Verbas minguadas para educação
Para Cara, não seria o caso de falar em sobreinvestimento no preso, "até porque vemos como é precária a situação das penitenciárias brasileiras", e porque, lembra ele, a prisão é uma "instituição total, o preso vive lá":
— Mas há, sem dúvida, subinvestimento
em educação. O que é mais grave se considerarmos que, nos direitos
sociais, a educação é o que abre as portas para os outros direitos. A
violência não vem pela pobreza, vem pela desigualdade. Por isso, um
investimento maior no conjunto dos direitos sociais, e aí se inclui a
educação, poderia diminuir a despesa com segurança.

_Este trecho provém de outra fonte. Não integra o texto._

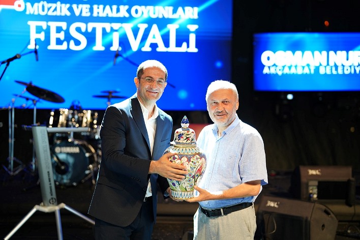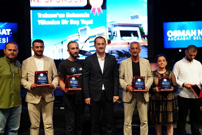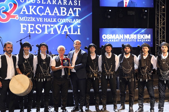 32. Uluslararası Akçaabat Müzik ve Halk Oyunları Festivali’ne katkı ve destek veren tüm sponsorlar sahneye davet edilerek kendilerine Akçaabat Belediye Başkanı Osman Nuri Ekim tarafından plaket verildi.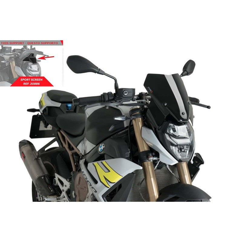 PUIG CUPOLINO NAKED NEW GENERATION SPORT PER BMW S1000 R ANNO 21-24 COLORE NERO. PER LE MOTO SENZA IL SUPPORTO ORIGINALE BMW. Dimensioni (HxL): 290x285 mm, +100 mm sopra la strumentazione. Materiale: MPPA metacrilato alto impatto, spessore 3 mm. Specifico per ogni modello di moto. Per il montaggio non si necessita di modifiche al veicolo. Kit montaggio e istruzioni comprese, nel kit e' presente la chiave ALLEN per il montaggio. Omologato T.U.V.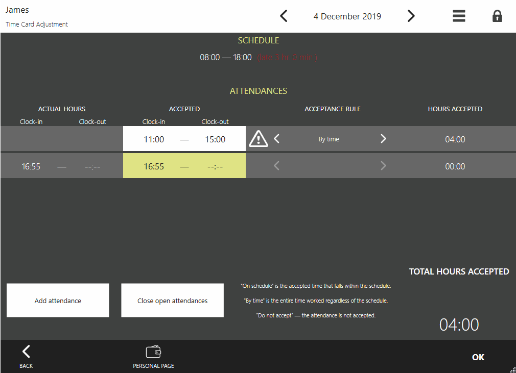 Jeśli pracownik jeszcze się nie wymeldował, ta frekwencja nie może zostać zaakceptowana. W tym celu musisz wymusić zamknięcie takiej zmiany, stukając Zamknij otwarte frekwencje, a dopiero potem ją zaakceptować.

O gasto com educação poderia melhorar com maior foco na aprendizagem, destaca Mozart Neves Ramos, do Todos pela Educação e do Conselho Nacional de Educação (CNE):
—
É verdade que o Brasil ainda investe pouco na educação básica, e mais
dinheiro é fundamental. No entanto, é necessário que a verba chegue à
escola e que seja mais bem aplicada. Melhorar a eficiência da gestão dos
recursos é importantíssimo. Uma boa gestão pode criar uma escola
motivadora. E um aluno que tem sucesso escolar raramente abandona a
escola e está mais longe de ser preso.
—
Minha mãe, que está presa há três meses, estudou só até a 2 série. Eu
acredito que ela está presa também por conta do pouco conhecimento que
tem. Nunca soube que carreira seguir, nunca teve um ensino que a
fizesse ter alguma perspectiva — diz Debora Magalhães, filha de Vitânia, presa por tráfico de drogas em Bangu.

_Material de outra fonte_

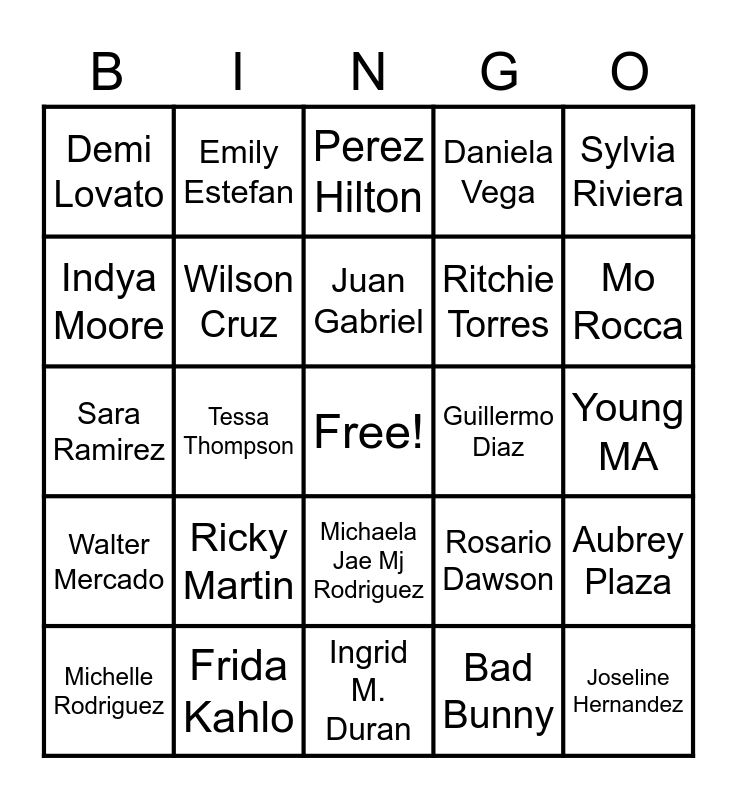 This bingo card has a free space and 24 words: Ricky Martin, Frida Kahlo, Juan Gabriel, Michelle Rodriguez, Sylvia Riviera, Demi Lovato, Indya Moore, Emily Estefan, Guillermo Diaz, Michaela Jae Mj Rodriguez, Ritchie Torres, Sara Ramirez, Rosario Dawson, Aubrey Plaza, Wilson Cruz, Bad Bunny, Young MA, Perez Hilton, Mo Rocca, Tessa Thompson, Joseline Hernandez, Walter Mercado, Daniela Vega and Ingrid M. Duran.

Secretário estadual de Educação do Rio, Wilson Risolia diz que o país está preferindo "gastar mais com o sinistro do que com o seguro":
—
É uma irracionalidade, um passivo que o Estado precisa resolver. Nos
países da Organização para Cooperação e Desenvolvimento Econômico
(OCDE), o custo por aluno no nível superior é cerca de três vezes
maior do que na educação básica. No Brasil, é bem maior (mais de seis
vezes). Mas não é suficiente aumentar o gasto, é preciso melhorar a
qualidade. No Rio, fizemos uma recontagem
de alunos e vimos que havia 120 mil que, apesar de constarem na base
de dados, não eram mais da rede. A verba era passada para alunos que
não existiam; um número X de provas ia para o colégio, e parte era
jogada no lixo, por exemplo. Corrigindo, foram R$ 111 milhões alocados
em outros lugares.
Apesar de a diferença entre o custo do aluno universitário e o do preso em presídios federais ser menor, ela é o que choca, diz o sociólogo Michel Misse, professor da UFRJ:
— Esse é um dado impressionante, porque o custo de um universitário,
pelos gastos que uma universidade deve ter com pesquisa, deveria ser
bem maior. É o custo de você formar um cientista, um médico, um
engenheiro — afirma Misse, para quem, porém, não se deve pensar que uma
prisão custe pouco. — O preso mora lá, e um aluno não mora na escola. O
problema é analisar o gasto que se tem em relação às condições dos
presídios.
Presidente do Conselho Nacional de Secretaria de Justiça, Direitos Humanos e Administração Penitenciária (Consej), Carlos Lélio Lauria Ferreira diz que quanto mais baixo o custo com o preso, piores as condições:
—
O preço varia de acordo com o tratamento. Se o valor é baixo,
desconfie. A alimentação pode ser lavagem. No Brasil, a média de custo
de um preso num presídio estadual é de R$ 1,7 mil por mês. Mas nessa
conta não está incluído o custo social e previdenciário.
No presídio federal, o custo é mais elevado. O aparato tecnológico é
caro, os salários dos servidores são mais altos e o número de agentes
por preso é maior. Graças a isso, o país não gasta menos de 7 mil por
preso ao mês.
—
Apesar de investirmos tanto, as condições de regenerar alguém são
mínimas. A pessoa é, na maioria das vezes, submetida a condições que a
torna pior. É como se negássemos outra oportunidade — conclui Mozart.